Information
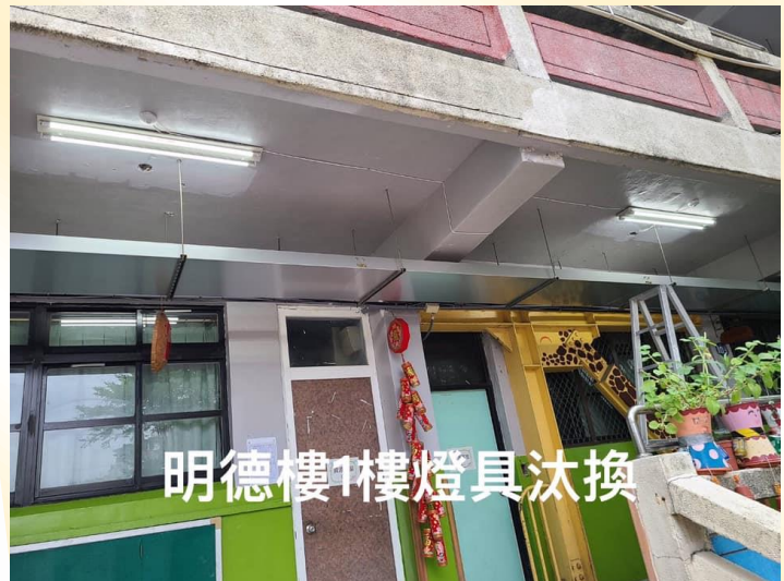
明德樓1樓燈具汰換
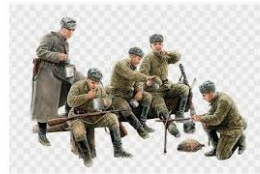
Segunda Guerra Mundial, 135 Escala, Soldad... gratispng.com
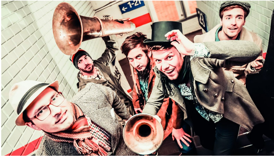
Maik Mondial Vorschaubilder converted4
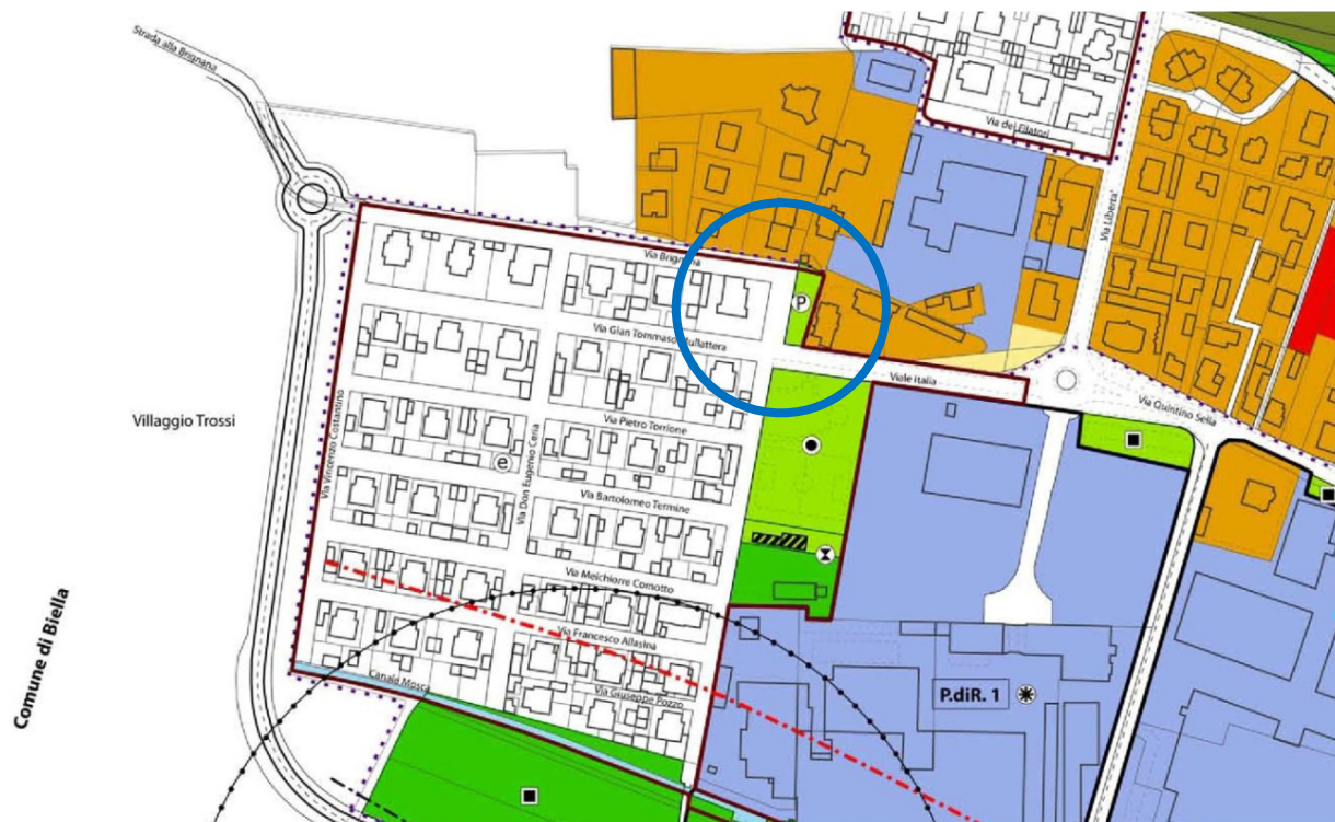
Estratto elab. PR.3C/V1 – uso del suolo urbano in scala 1:2000
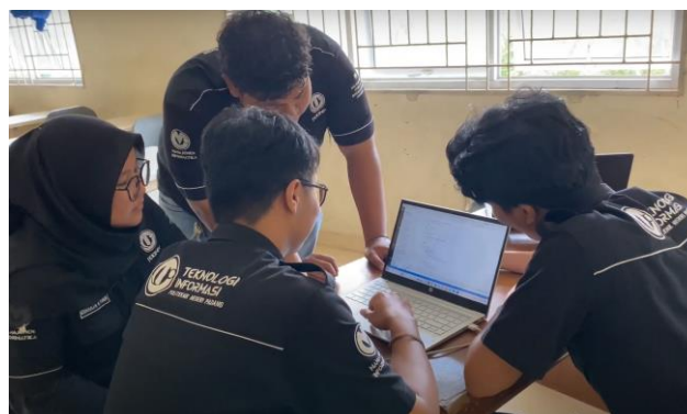
Gambar 2. Perancangan dan Pembuatan Sistem

Setelah tahap perancangan selesai, pengembangan sistem dilakukan dengan membangun fitur-fitur inti yang telah dirancang. Fitur utama mencakup halaman profil Nagari Limau Manis, informasi wisata yang dilengkapi dengan deskripsi dan foto destinasi, serta katalog produk UMKM yang diharapkan dapat memperkenalkan produk lokal kepada audiens yang lebih luas. Selama proses pengembangan, teknologi web terkini diterapkan untuk memastikan kecepatan akses dan keamanan data. Tahap ini diakhiri dengan uji coba internal terhadap website yang telah dikembangkan guna memastikan setiap fitur berfungsi dengan baik dan memenuhi harapan pengguna. Proses iterasi dilakukan pada beberapa bagian yang memerlukan penyesuaian berdasarkan hasil uji coba awal. Hasil akhir dari tahap ini adalah website yang siap untuk diuji lebih lanjut dan diimplementasikan, dengan tujuan mendukung promosi pariwisata serta produk UMKM di Limau Manis.
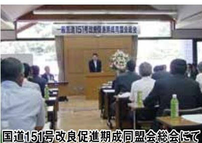
国道151号改良促進期成同盟会総会にて

8月24日、関東甲信越1都9県議長会に出席しました。長野県議長会からは、「中央新幹線の整備に関連した地域の取組への支援を求めることについて」を私が提案し、全会一致可決されました。採択された議案は、後日国会並びに政府関係機関等へ提出されます。
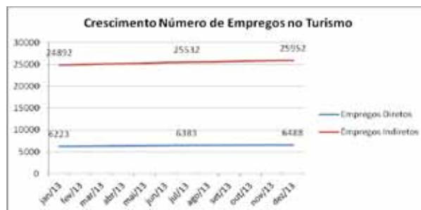
Crescimento do Número de Empregos no Turismo - 2013

Importante a percepção de que os números estão crescendo. Durante o ano de 2013, houve um incremento acumulado de 3,51% no número de empregos vinculados ao setor de turismo.
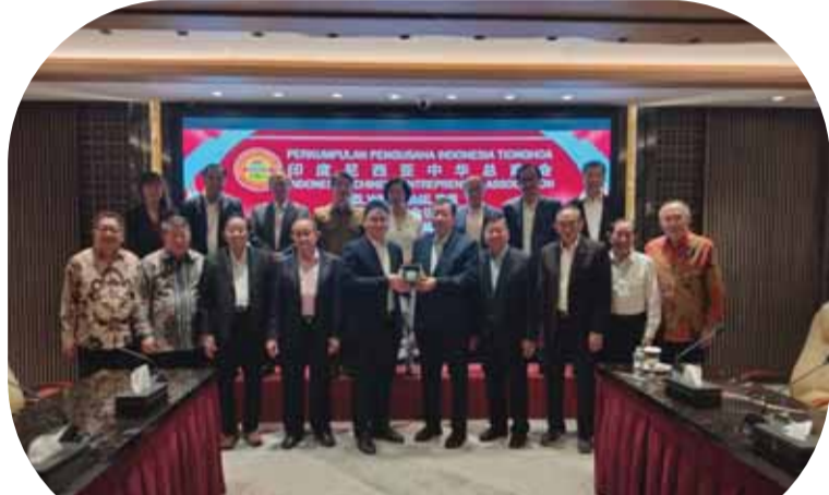
印尼中华总商会接待中国南宁东博会代表团会后合影
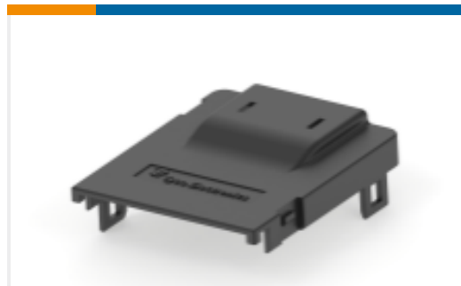
TE 产品编号1986186-1 Strain Relief,20 Posn,D3000 Dynamic, 2
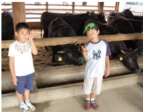
中之島牛生産農家の牛舎見学にて牛さんと記念撮影。すっかり牛さんに懐かれています。▲
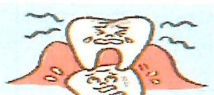
歯ぐきまで細菌が入り、 永久歯が、変色や虫歯の状 態で生えてくる。
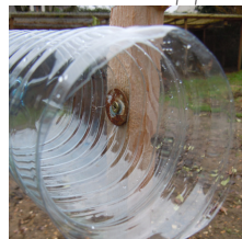
Fixer la bouteille au piquet

Observations : une fois par mois, noter sur la fiche d'observation qui vous sera fournie, le nombre de loges occupées, la nature du bouchon (terre, feuilles mâchées ou découpées, résine, coton...), la présence d'insectes visibles et leur nombre.
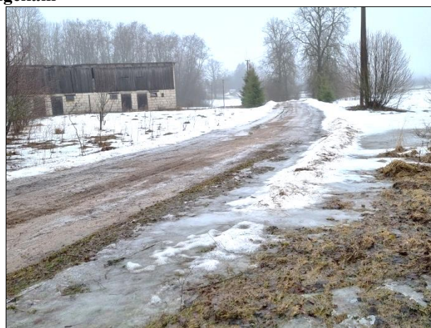
Skats uz piebraucamo ceļu
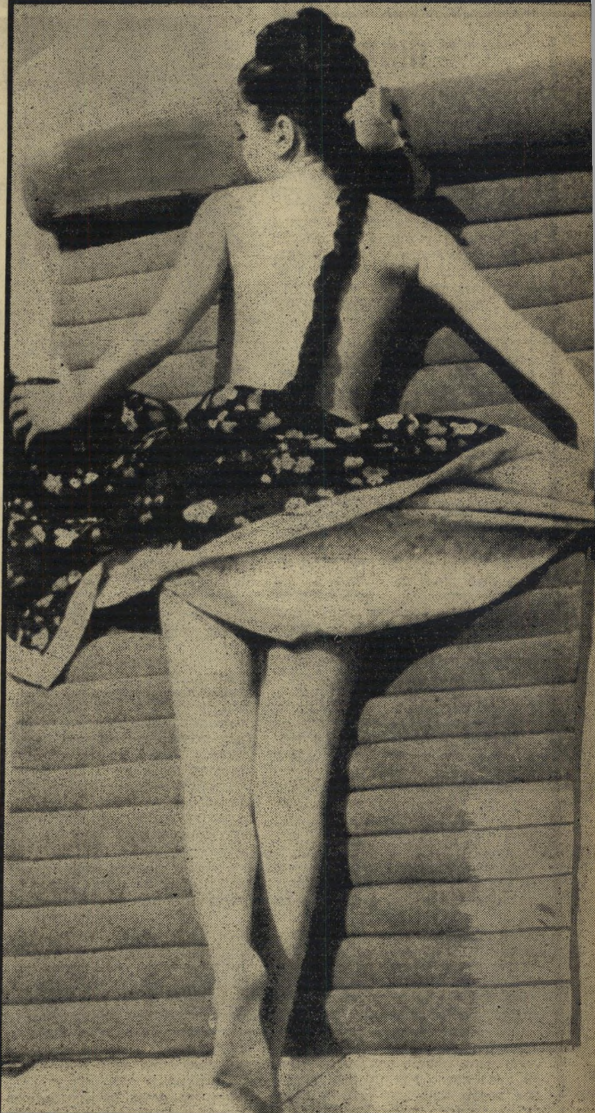
הפקת טרט סלבידי בסרט משחקים רומיים, כשרומינה בייתה רומינה על חוף ים של הרצליה. את הידיה שחי הכירה רומינה בעת

וכינה פאואר, בתו של סירון פאואר, ועמה מאד על במאי הטלוויזיה שלה: "אם אתה רוצה זונה תיקח לך אחת מהרוב, לא אותי" והיא בסח יודעת מה שהיא אומרת, למרות שהיא ילדה קטנה מאד, רק בת חמש-עשרה. אם כי רומינה פאואר הספיקה במשך חמש-עשרה שנות חייה לעשות יותר סקני דלים בינלאומיים מאשר אמה, לינדה כריס-טיאן, אומרים שאת כל הסקנדלים הללו ביימה האמא שלה.
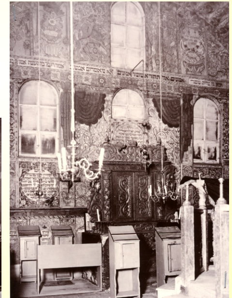
Ostwand der Synagoge, barocker Schrank, genannt "Heilige Lade", ewiges Licht; Aufbewahrung der Schriftrollen.
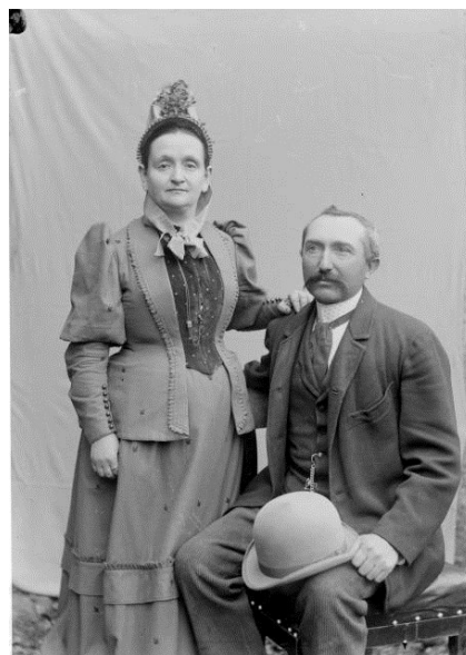
Z fotografie tohoto staršího manželského páru, z níž je navzdory pozici patrné dominantní postavení muže, nedat., patrně závěr 19. století
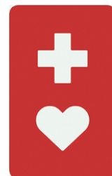
【ヘルプマーク】 所管：東京都
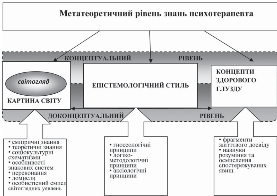
Рис. 1. Модель метатеоретичного рівня знань психотерапевта

Ознайомлення із філософськими джерелами, що стосуються метатеоретичного рівня знання, та психологічними працями, що аналізують специфіку та ефективність професійної діяльності психотерапевта, дає можливість представити модель метатеоретичного знання психотерапевта, яке включає три найважливіші компоненти: картину світу, епістемологічний стиль та концепти здорового глузду (рис. 1).
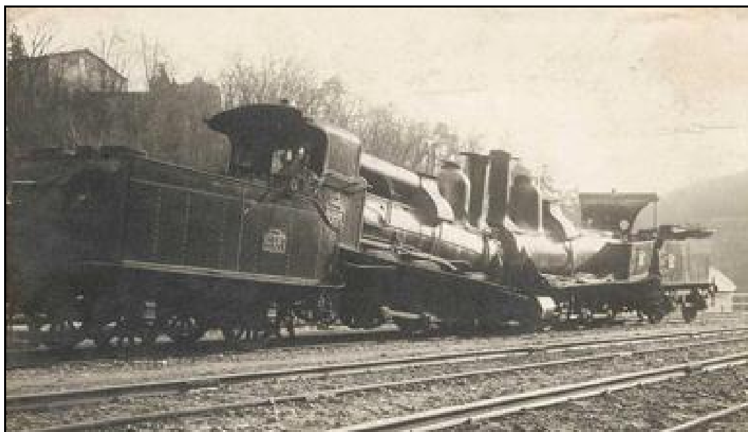
Les locomotives accidentées extraites du tunnel ont été replacées en position sur une voie de service de la gare d'Olliegues pour les besoins de l'enquête

Un problème de mauvaise compréhension dans les dépêches échangées entre les gares voisines serait à l'origine de cet accident, la gare d'Olliegues ayant donné voie libre alors qu'elle ne l'était pas.
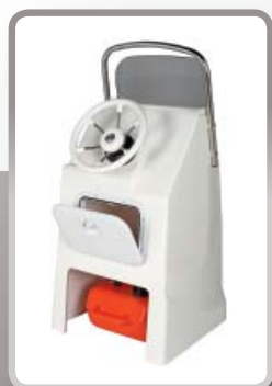
Stuurconsole Optima 800
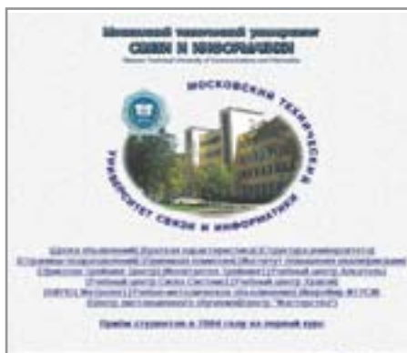
▲ Официальный сайт МТУСИ (Институт связи и информатики)
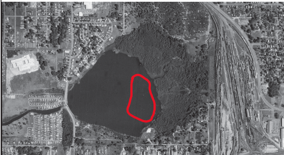
Figure C-3 - 1970 Aerial Photograph
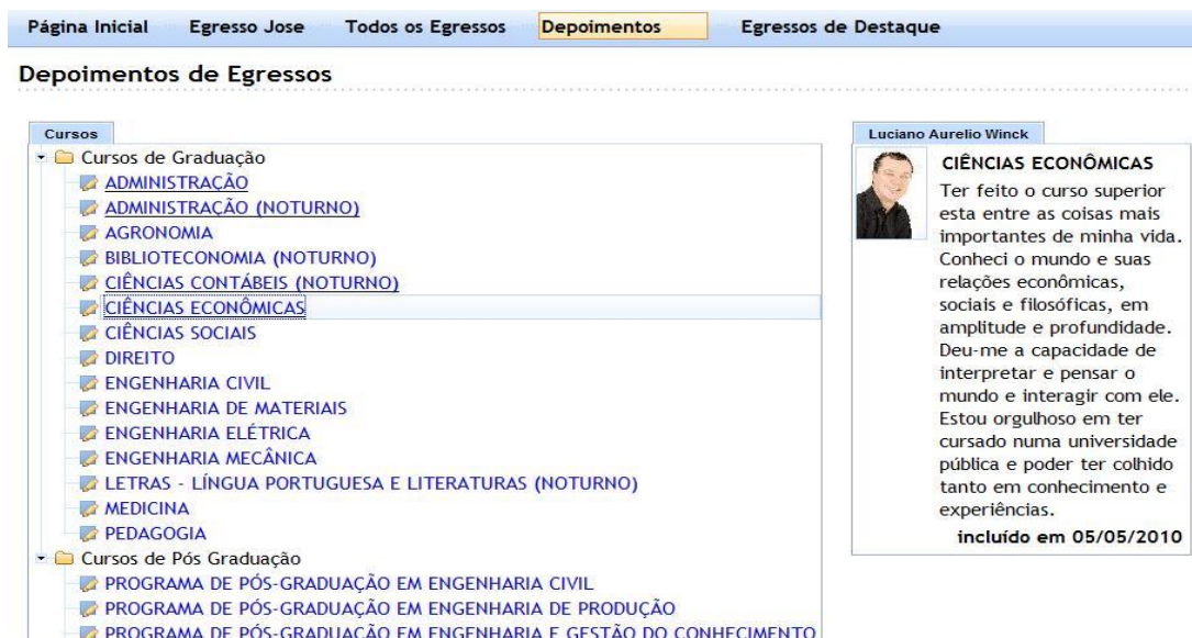
Figura 5 – Publicação dos depoimentos dos egressos

Além das telas apresentadas, o administrador do Sistema de Acompanhamento dos Egressos tem acesso às análises dos questionários coletados, dos e-mails enviados sobre ocorrências demandadas pelos egressos, assim como outras situações não previstas.
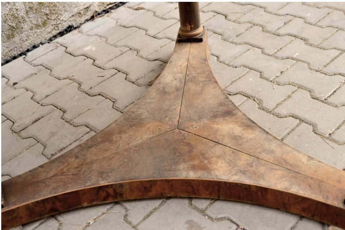
Obr. č. 3: Detailní snímek spodní trojcípé soklové části. Na snímku je patrné rozpraskání ve středu každého z cípů
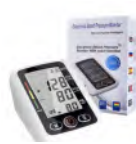
Tensiomètre électrique Prix: --- USD

Work task
Please copy out each line in the entries that mentions the string "egressos".

Solved exercise
Figura 5 – Publicação dos depoimentos dos egressos
Além das telas apresentadas, o administrador do Sistema de Acompanhamento dos Egressos tem acesso às análises dos questionários coletados, dos e-mails enviados sobre ocorrências demandadas pelos egressos, assim como outras situações não previstas.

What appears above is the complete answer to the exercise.